───── Dataset excerpt

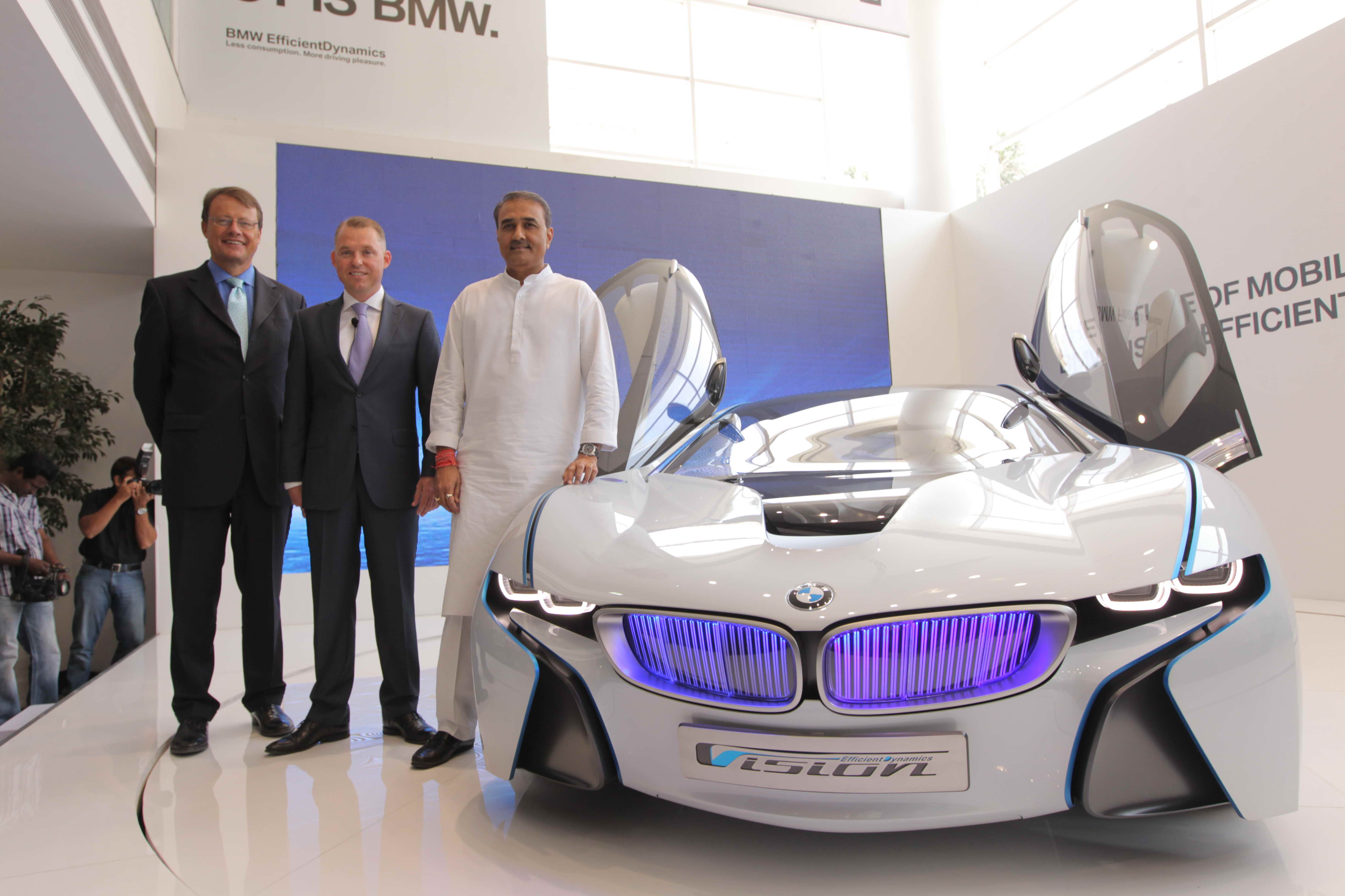 Mr. Praful Patel, Mr. Thomas Matussek and Dr. Andreas Schaaf with The BMW Vision concept car (02/2022)
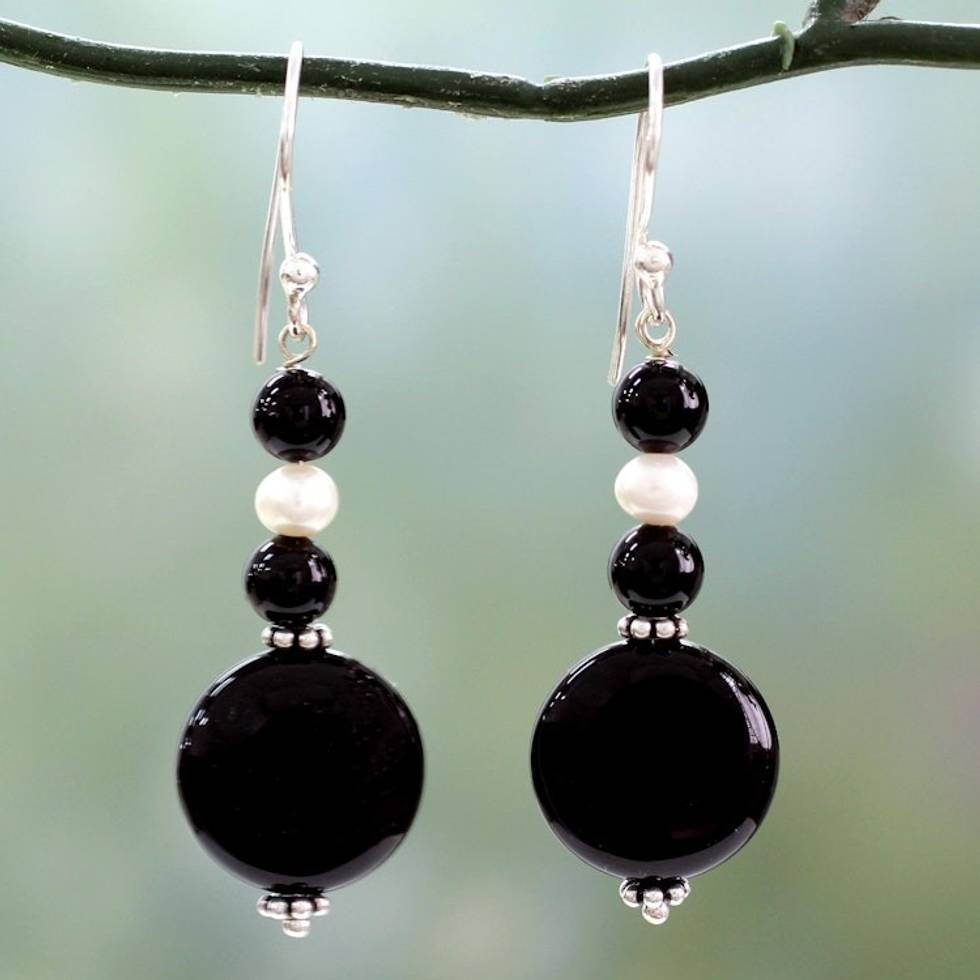 Onyx and pearl dangle earrings 'Midnight Kisses' Item ID: 2669943523
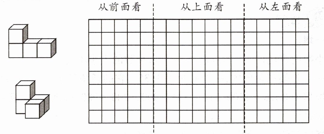 五、摆一摆,在方格纸上画出从前面、左面和上面看到的图形。
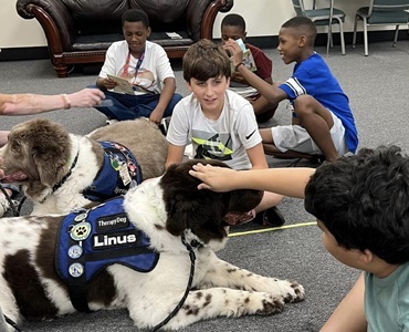 9-19-24 - We enjoyed the first visit of the year from Pawfection today. Several students even read poetry to Linus and Lord Byron. Bonus, Mrs. Mize class was also able to visit Pawfection.

──────────

Task to carry out
Please repeat each line above exactly as it appears, but omit the pictures.

Exercise output
 Mr. Praful Patel, Mr. Thomas Matussek and Dr. Andreas Schaaf with The BMW Vision concept car (02/2022)
 Onyx and pearl dangle earrings 'Midnight Kisses' Item ID: 2669943523
 五、摆一摆,在方格纸上画出从前面、左面和上面看到的图形。
 9-19-24 - We enjoyed the first visit of the year from Pawfection today. Several students even read poetry to Linus and Lord Byron. Bonus, Mrs. Mize class was also able to visit Pawfection.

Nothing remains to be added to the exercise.